11. An air cleaner assembly comprising:

(a) an air cleaner housing defining: an interior; an air flow inlet arrangement; and, an air flow outlet arrangement;

(i) the air cleaner housing comprising: a housing main body with a service end; and, an access cover; and,

(ii) a hinge arrangement securing the access cover to the main body; the access cover being pivotable around the hinge arrangement between a hinged open position and a hinged closed position; the access cover being positioned such that:

(A) when in a hinged closed position, the access cover is positioned closing the service access end of the housing body, for air cleaner operation; and,

(B) when in the hinged open position, the access cover is positioned opening the service access end of the housing body for servicing;

(b) a releasable locking engagement selectively actuatable to secure the access cover in the hinged closed position and to release the access cover to pivot around the hinge arrangement.

(i) the releasable locking arrangement comprises a projection arrangement on the access cover and a receiver arrangement on the main housing body; and,

(ii) the releasable locking arrangement comprises an actuator arrangement actuated by service provider engagement with a single actuator control member;. (A) the single actuator control member being positioned at a side of the housing main body.

12. An air cleaner assembly according to any one of claims 1-11 wherein: (a) the media pack comprises a stack of single facer strips comprising fluted media sheet secured to facing media sheet; and, (b) the housing seal arrangement comprises a pinch seal member positioned: on the filter cartridge surrounding the media pack; and, pinched between the access cover and the housing main body, when the access cover is in the hinged closed position.

13. A method of opening an across cover hingedly secured to an air cleaner housing, for servicing of a internally serviced air filter cartridge; the method comprising a step of:

(a) actuating an actuator for a closure lock arrangement by manipulating the actuator at a first side only of the air cleaner housing without a need for reaching under the air cleaner housing; (i) the step of actuating comprising manipulating a single actuator to completely release the access cover for opening.

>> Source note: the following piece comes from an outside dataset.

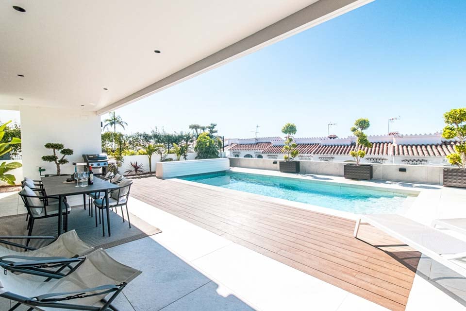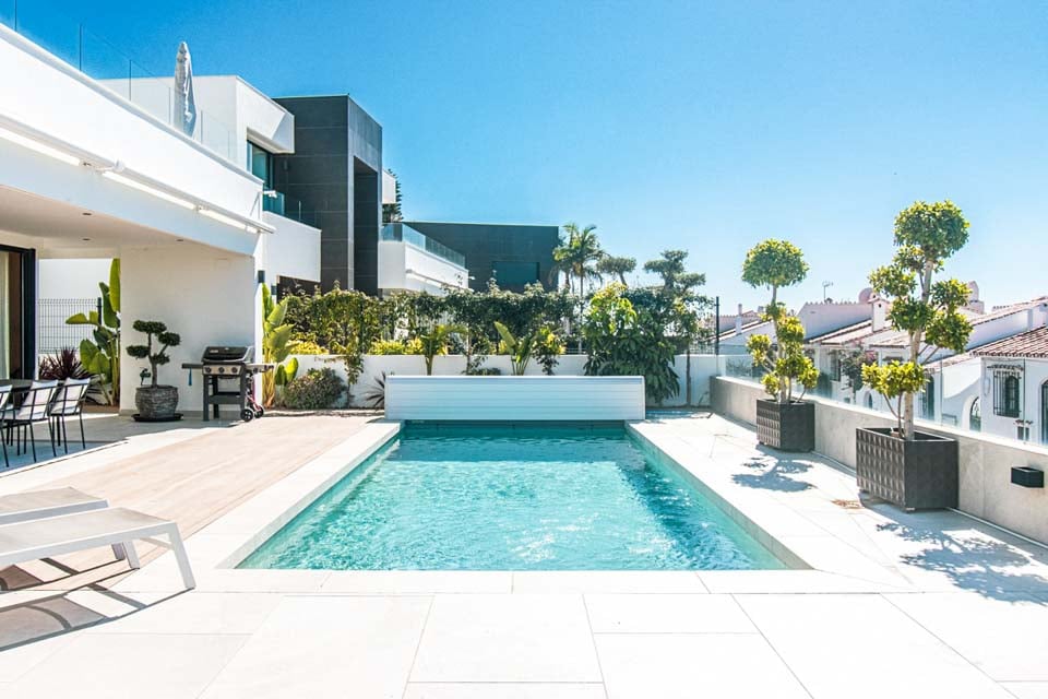 Beliggende i den charmerende kystby Nerja tilbyder denne moderne 3-etagers villa den ideelle blanding af komfort, stil og bekvemmelighed. Villaen, som er en del af vores luksusserie, ligger kun en kort gåtur fra resortet, butikker, strand og et bredt udvalg af restauranter, hvilket gør den til den ideelle base for din ferie – ingen bil nødvendig.

14. A method according to claim 13 wherein:

(a) the access cover is hingedly secured to the housing by a hinge arrangement including an opening bias arrangement therein; and,

(b) the step of actuating is conducted to release the access cover for automatic hinged movement around the hinge arrangement, to a hinged open orientation, under an opening bias by the opening bias arrangement.

15. A method according to any one of claims 13 and 14 wherein: (a) the step of actuating comprising pressing a button.

16. A method of closing an access cover of an air cleaner; the method comprising a step of:

(a) providing an air cleaner housing with an access cover mounted on a housing main body by a hinge; (i) the access cover having a projection member of a projection/receiver arrangement thereon; and, (ii) the housing main body having a receiver member of a projection/receiver arrangement thereon; and, (A) the assembly including an automatic closure lock arrangement actuated when the projection arrangement is pushed into the receiver arrangement; and, (b) closing the access cover around the hinge to the hinged closed arrangement in which the projection member is received within the receiver member.

17. A method according to claim 16 wherein:

(a) the step of closing includes pinching a housing seal member, of an operably received filter cartridge, between the access cover and the housing main body.